Interfaculty Institute for Biochemistry, University of Tübingen, Tübingen, Germany.
Cell Cycle. 2013 Jun 15;12(12):1922-7. doi: 10.4161/cc.24944. Epub 2013 May 13.
Due to its role in aging and antitumor defense, cellular senescence has recently attracted increasing interest. However, there is currently no single specific marker that can unequivocally detect senescent cells. Here, we identified α-L-fucosidase (α-Fuc) as a novel sensitive biomarker for cellular senescence. Regardless of the stress stimulus and cell type, α-Fuc activity was induced in all canonical types of cellular senescence, including replicative, DNA damage- and oncogene-induced senescence. Strikingly, in most models the degree of α-Fuc upregulation was higher than the induction of senescence-associated β-galactosidase (SA-β-Gal), the current gold standard for senescence detection. As α-Fuc is convenient and easy to measure, we suggest its utility as a valuable marker, in particular in cells with low SA-β-Gal activity.

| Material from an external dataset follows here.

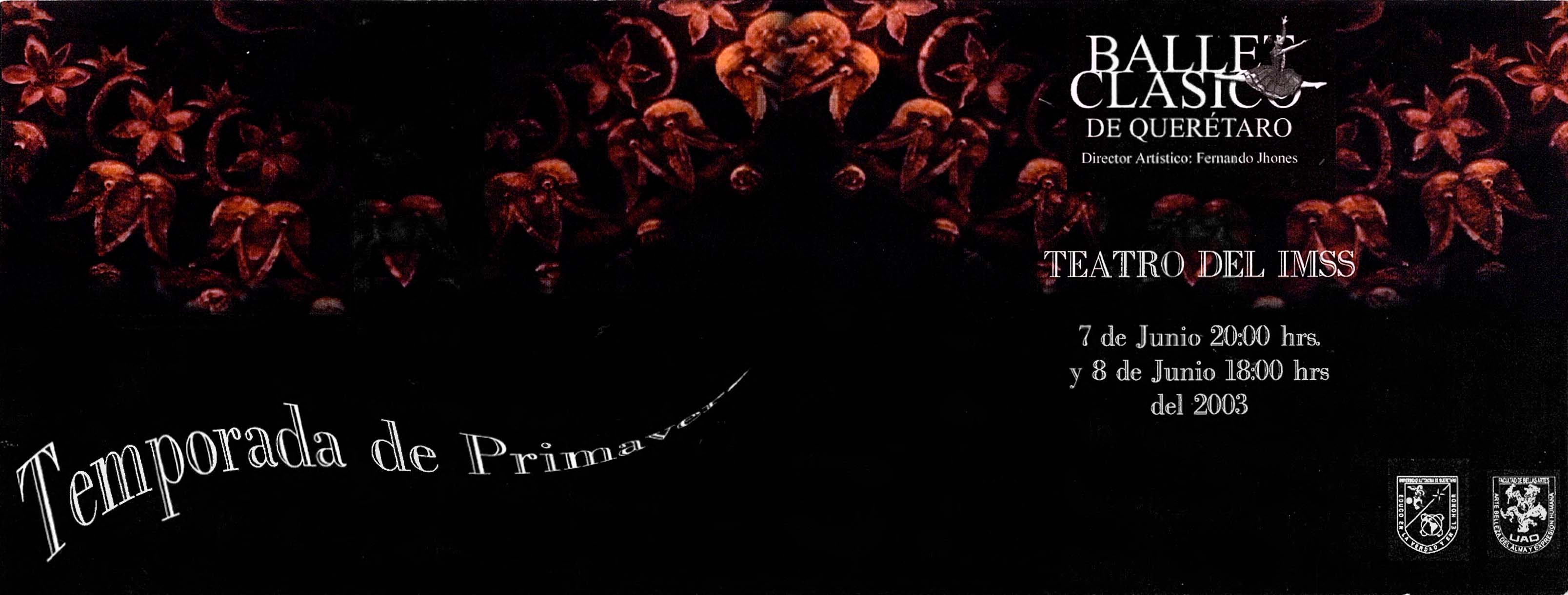 Ballet Clásico de Querétaro Fernando Jhones, “Temporada de primavera 2003,” ReDCA-Ballet, consulta 9 de marzo de 2026, http://redca.uaq.mx/ballet/items/show/49.
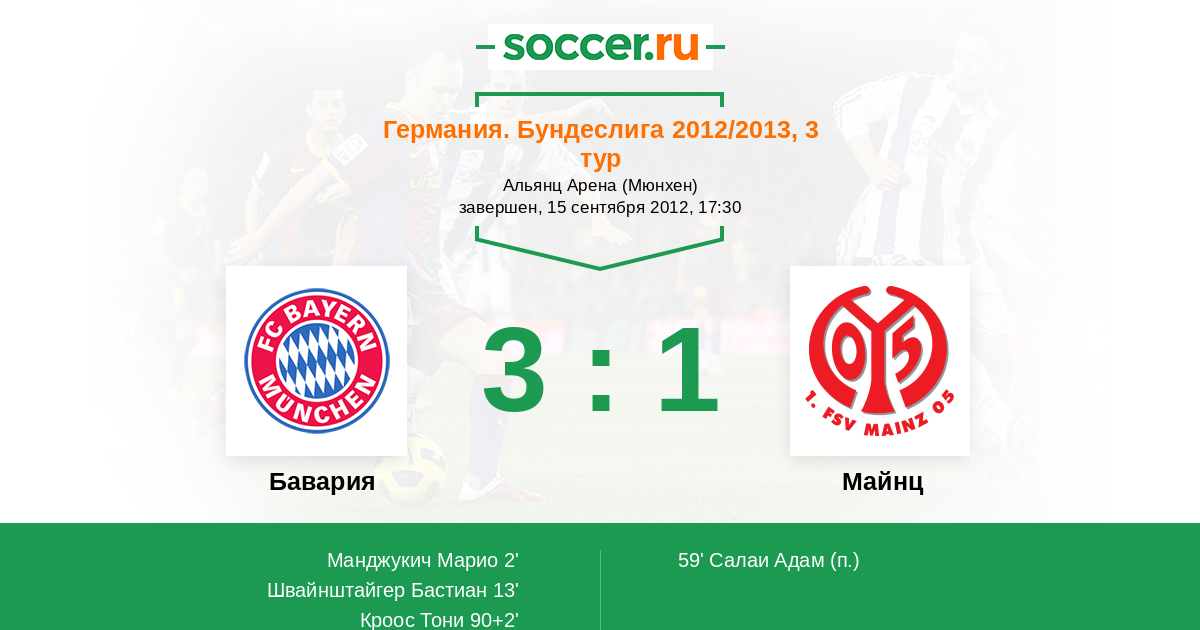 Протокол матча Бавария против Майнц

由于其在衰老和抗肿瘤防御中的作用,细胞衰老最近引起了越来越多的关注。然而,目前还没有单一的特定标志物可以明确检测衰老细胞。在这里,我们确定α-L-岩藻糖苷酶(α-Fuc)是一种新的敏感的细胞衰老生物标志物。无论应激刺激和细胞类型如何,α-Fuc 活性在所有典型的细胞衰老类型中都被诱导,包括复制性、DNA 损伤和致癌基因诱导的衰老。引人注目的是,在大多数模型中,α-Fuc 的上调程度高于衰老相关β-半乳糖苷酶(SA-β-Gal)的诱导,SA-β-Gal 是目前检测衰老的金标准。由于 α-Fuc 方便且易于测量,我们建议将其用作有价值的标志物,特别是在 SA-β-Gal 活性低的细胞中。